Critical legal point: most LOIs are mostly non-binding, with specifically identified binding provisions (usually exclusivity, confidentiality, expense allocation, and sometimes break fees). The language matters enormously — an improperly drafted LOI can bind parties to terms they didn't intend to commit to. Delaware and New York courts have found LOIs to be binding under specific circumstances even when parties intended them to be non-binding.
Seller vs. Buyer Perspective
The LOI is where most economic terms get set. Once signed and exclusivity begins, the price and major structure are very hard to change favorably. Before signing: (1) negotiate hard on price range (not just headline number — also the deductions and WC mechanics); (2) lock in key structural items (non-compete scope, escrow levels, survival periods); (3) define "debt-like items" specifically to prevent ambush at definitive; (4) keep exclusivity short (30-45 days ideally); (5) make exclusivity conditional on buyer progress; (6) minimize binding provisions beyond exclusivity and confidentiality. Get experienced M&A counsel to review before signing — boilerplate LOIs often have language that benefits buyers at sellers' expense.
LOIs are your vehicle for locking in favorable terms before diligence changes the dynamic. Key structural wins to try to get in the LOI: (1) aggressive working capital definitions; (2) clear debt-like items inclusive of items the seller might resist later; (3) tight indemnification framework; (4) sufficient exclusivity to complete diligence; (5) defined conditions for close. Don't get greedy — an LOI that tries to pre-negotiate every definitive term gets rejected. Focus on the 5-7 most important economic points. Remember the LOI is mostly non-binding; real negotiation happens in the purchase agreement.
Real-World Example
A $5.5M EBITDA professional services firm receives an LOI from a PE-backed platform. Key terms: (1) enterprise value $32M (5.8x TTM); (2) structure — F reorganization, 100% equity acquisition; (3) payment — $26M cash, $3M rollover equity (10%), $3M earnout over 24 months tied to EBITDA; (4) working capital peg $2.1M; (5) escrow 10% for 18 months; (6) non-compete 4 years, 150 miles; (7) debt-like items defined specifically (bank debt, capital leases, accrued bonuses > $100K, deferred rent); (8) exclusivity 60 days with 30-day extension option; (9) binding provisions limited to exclusivity, confidentiality, and expense allocation ($100K seller commitment to defined expenses if seller terminates without cause). Signed LOI. Over 60 days: diligence produces $350K working capital adjustment, QoE accepts 92% of add-backs, minor indemnity structure changes but major economics hold. Deal closes at $31.65M ($32M minus $350K WC adjustment). LOI provided 90%+ clarity on economic outcome.

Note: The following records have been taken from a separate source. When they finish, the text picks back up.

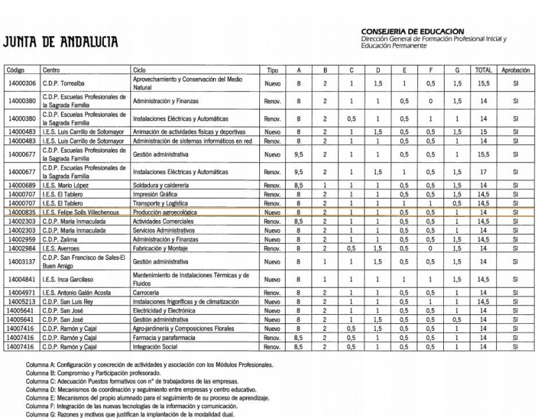 Este tipo de formación profesional comenzó a impartirse en Andalucía de manera experimental en el curso 2013/2014 con 41 proyectos. En el actual curso académico cuenta ya con 127, en los que participan centros e institutos de Córdoba capital, Baena, Bujalance, Fuente Palmera, Montoro y Montilla, a los que se sumará en el próximo curso este título que se impartirá en Cabra. Actualmente son más de 1500 personas las que están participando como alumnado de estos estudios en Andalucía.
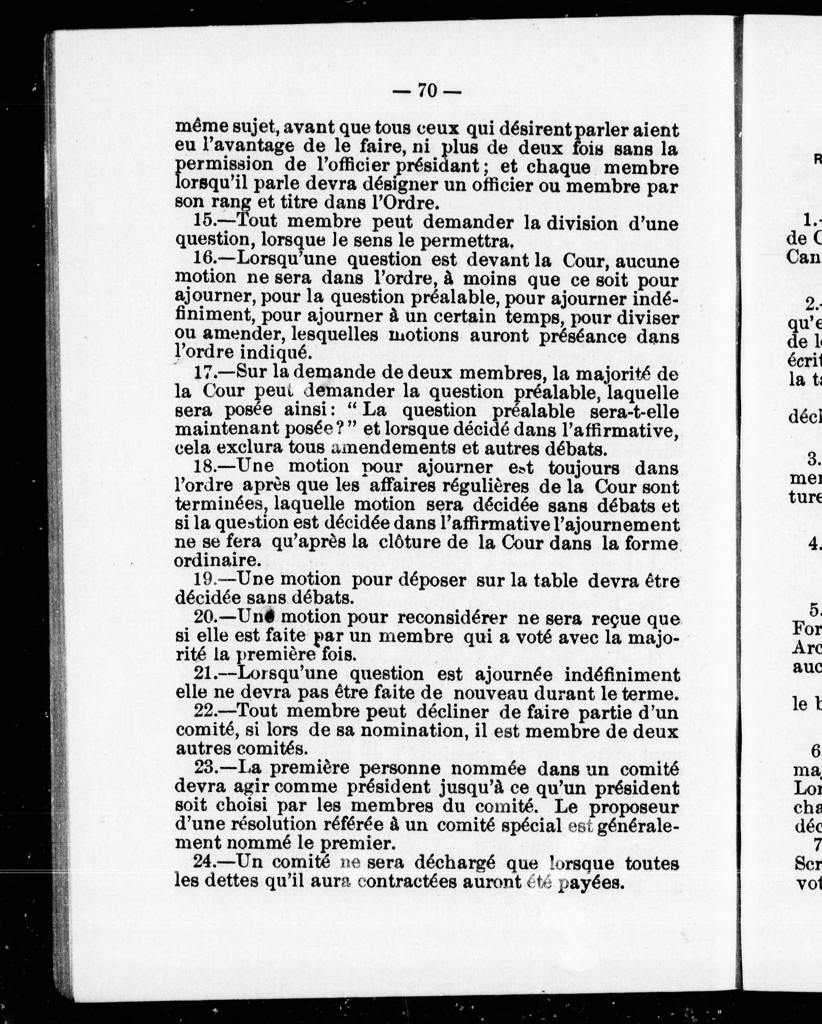 Constitutions, lois d'assurance, de bénéfices en maladie et funé raires, et régles d'ordre de l'Ordre canadien des forestiers, tels qu' adoptés à la session de la Haute cour, tenue à Montréal en juin 1896 : ces constitutions sont traduites de l'anglais ..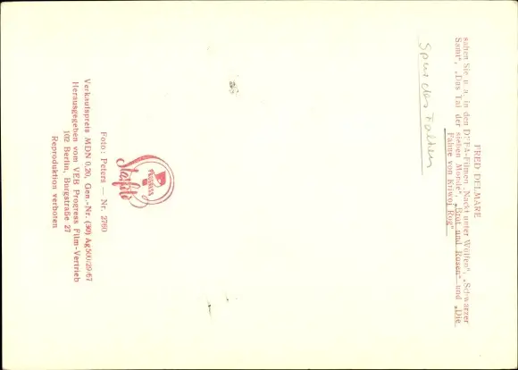 Ak Schauspieler Fred Delmare, DEFA Nackt unter Wölfen, Schwarzer Samt, Portrait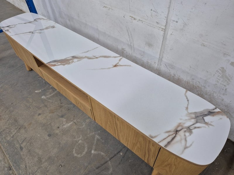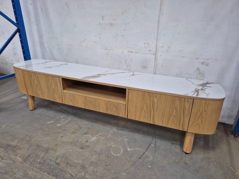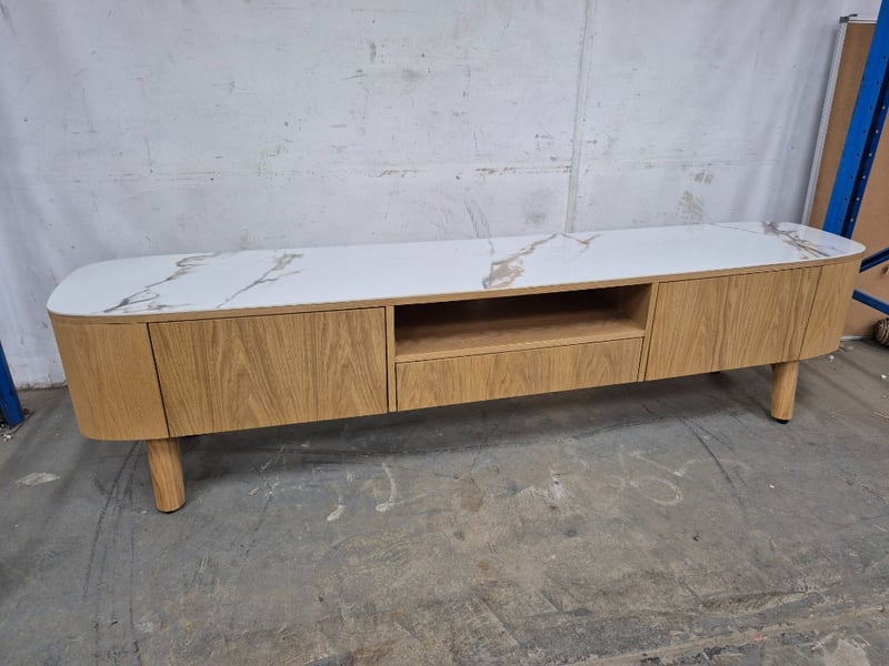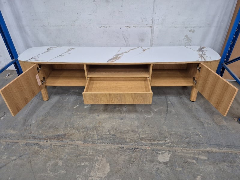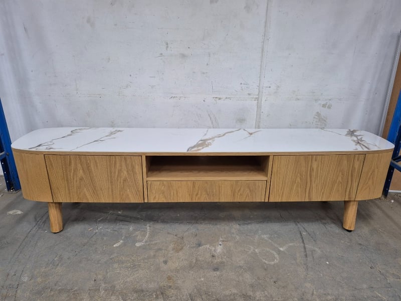 Entertainment Unit, Double Door, Pop Out Drawer, Marble Top, Timber Body. Approx Dimensions H56 x W220 x D44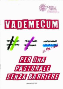 Sabato 19 febbraio, nel teatro dell’Istituto Barbarigo di Padova, alla presenza del vescovo di Padova mons. Claudio Cipolla e di suor Veronica Donatello, responsabile del servizio Cei per la pastorale delle persone con disabilità, è stato presentato On the road, VADEMECUM per una pastorale senza barriere – un prezioso compagno di viaggio pensato dall’équipe di Pastorale senza barriere nata in seno alla Pastorale dei giovani. Il VADEMECUM offre alcuni agili spunti pratici per la vita e le attività pastorali in modo da poter affrontare il tema della disabilità all’interno delle varie proposte diocesane con maggior cognizione di causa. Breve, chiaro e suddiviso in step in maniera tale che la buona volontà di tanti educatori, catechisti, formatori possa arricchirsi di piccole ma fondamentali attenzioni nei confronti della persona con ogni tipo di disabilità, al fine di non dover più improvvisare in questo campo e, invece, lasciarsi formare e scoprire le potenzialità dalla fragilità.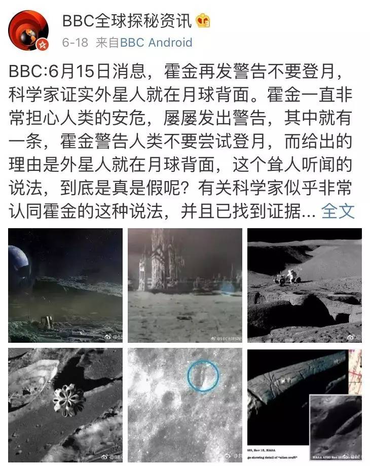 这则消息源于@BBC全球探秘资讯发布的一条微博,称霍金再发警告不要登月,因为科学家证实外星人就在月球背面。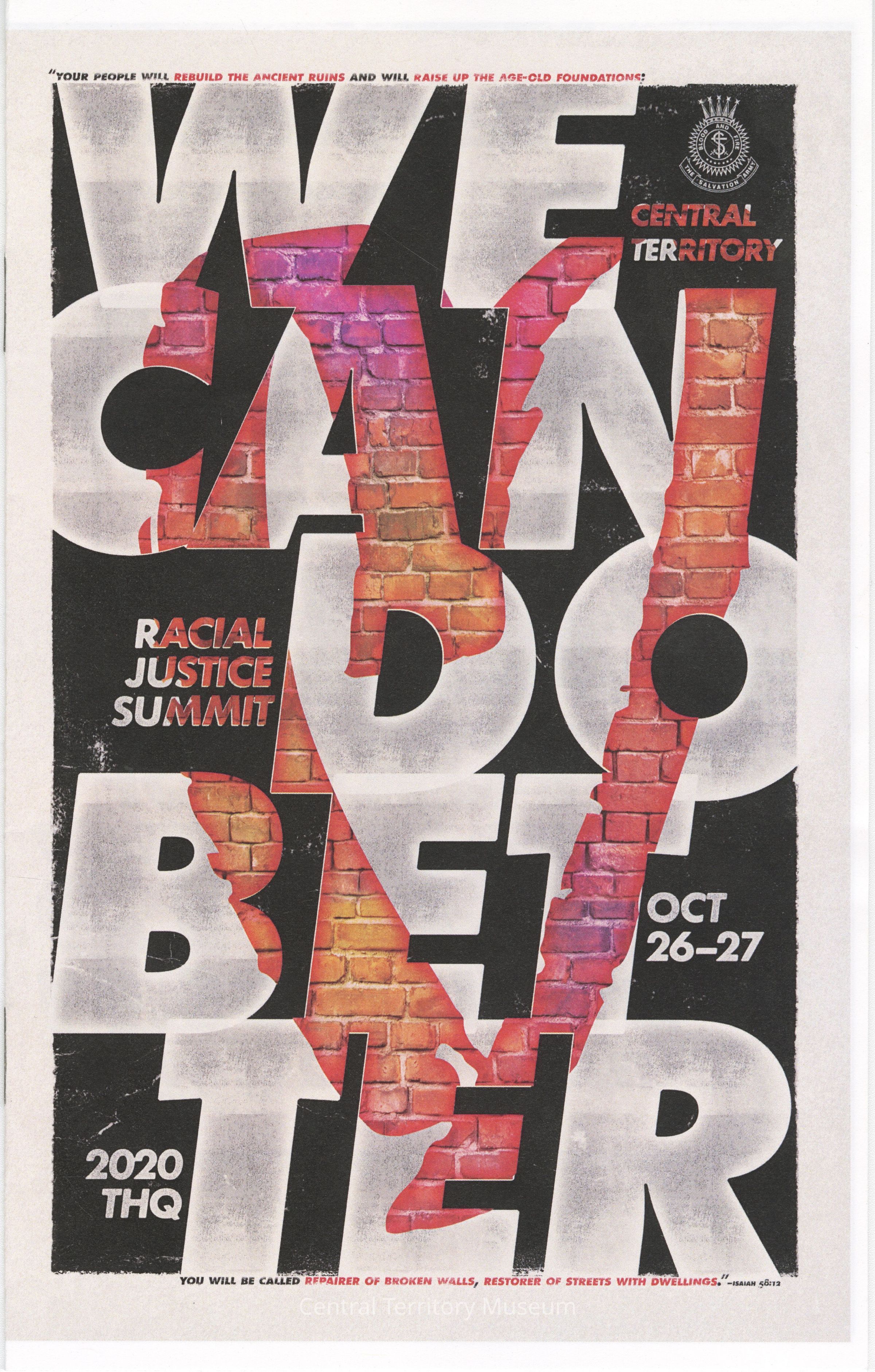 Program for the Racial Justice Summit which took place October 26th to 27th, 2020. The title of the summit was "We Can Do Better." The summit was hosted at The Salvation Army Central Territory Headquarters. 5.5 in x 8.5 in.Acquisition

Why It Matters & Common Pitfalls
- !"Non-binding" isn't universal. Some provisions (exclusivity, confidentiality, expense allocation, break fees) are typically binding. Others may be binding depending on drafting. Review carefully.
- !Re-trading at LOI stage is limited. Once signed, economic terms are sticky. Major re-trade attempts during diligence damage relationships and can kill deals.
- !Definitions matter. "Cash-free, debt-free" needs specific definitions of debt-like items. "Working capital" needs methodology. Ambiguity creates disputes later.
- !Exclusivity length drives dynamics. Too short and diligence can't complete; too long and seller loses leverage. 45-60 days is sweet spot for most SMB deals.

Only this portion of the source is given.